NOTE: Mr. Day is a Presbyterian. I do not agree with The Westminster Confession that Mr. Day adheres to, but I do believe he is 100% accurate in his exegesis of Acts 23:1-5.
It is clear that Paul’s preaching of the Gospel was making people angry, which is what got him into trouble in the first place. We read in Ephesians 6:12, “For we wrestle not against flesh and blood, but against principalities, against powers, against the rulers of the darkness of this world, against spiritual wickedness in high places.” Paul quickly realized his mistake of threatening violence against the high priest; but there certainly was nothing wrong with Paul’s argument that his “rights” were being violated as a Roman citizen.
In Acts 22:25, Paul stood up for his “rights” as a Roman citizen, questioning why he was being punished without due process of law. In Acts 22:28, Paul affirms his right to freedom by birth as a Roman citizen. The Apostle Paul knew his legal rights, and you can rest assure that if Paul lived in the United States today that he would fully know and defend his Constitutional rights.

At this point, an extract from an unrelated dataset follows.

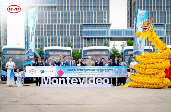 9月19日,比亚迪在其青岛工厂向乌拉圭最大的电动公交运营商CUTCSA交付100台纯电动大巴。这一交车仪式标志着比亚迪在国际商用车市场上的又一重大突破,并进一步为乌拉圭的绿色交通发展注入了新的动能。

The average Christian today couldn’t explain their First Amendment rights even if their life depended on it. It is your freedom of religion, speech, press, to peaceably assemble and petition your government.
It is unbiblical for any so-called “Bible scholar” to teach blind submission to government. As believers, we ought to take an uncompromising stand against evil, waste and corruption in government (Psalm 94:16). Thank God for Christian leaders like Dr. John R. Rice who understood this…
“So, as an honest Bible preacher, obeying the plain commands of God, I must speak out against corruption and immorality. Waste, corruption, the taking away of men’s freedom and the seizing of men’s property, these sins every honest preacher must condemn and every honest Christian must disavow.”
SOURCE: Dr. Rice… Here Are More Questions; Question: Should politics and religion be mixed?; by Dr. John R. Rice, pg. 249, Sword of the Lord Publishers; 1973, ISBN: 0-87398-157-X
The U.S. Constitution and the Bill of Rights don’t give us our rights; but rather, simply outline our God-given rights. Yet, these “legal” documents ought to be precious to every U.S. citizen who enjoys and cherishes their freedom. The Bible does not prohibit Christians from exposing evils working within our government; such as: criminal leaders, the theft of trillions-of-dollars of taxpayer money, naked body scanners, forced vaccinations, cruel and unusual punishment, blatant crimes being committed by The White House, treasonous acts of betrayal against America’s citizens (such as the open Mexican border and the outsourcing of America’s jobs), warmongering, et cetera.
America today is headed for the dust. The American people are to blame, because of their tolerance of wickedness and love for sin. Tragically, America has become the land of the cowards and the home of the slaves. Freedom is not free. All tyranny needs to thrive is that good men do nothing. And so it is.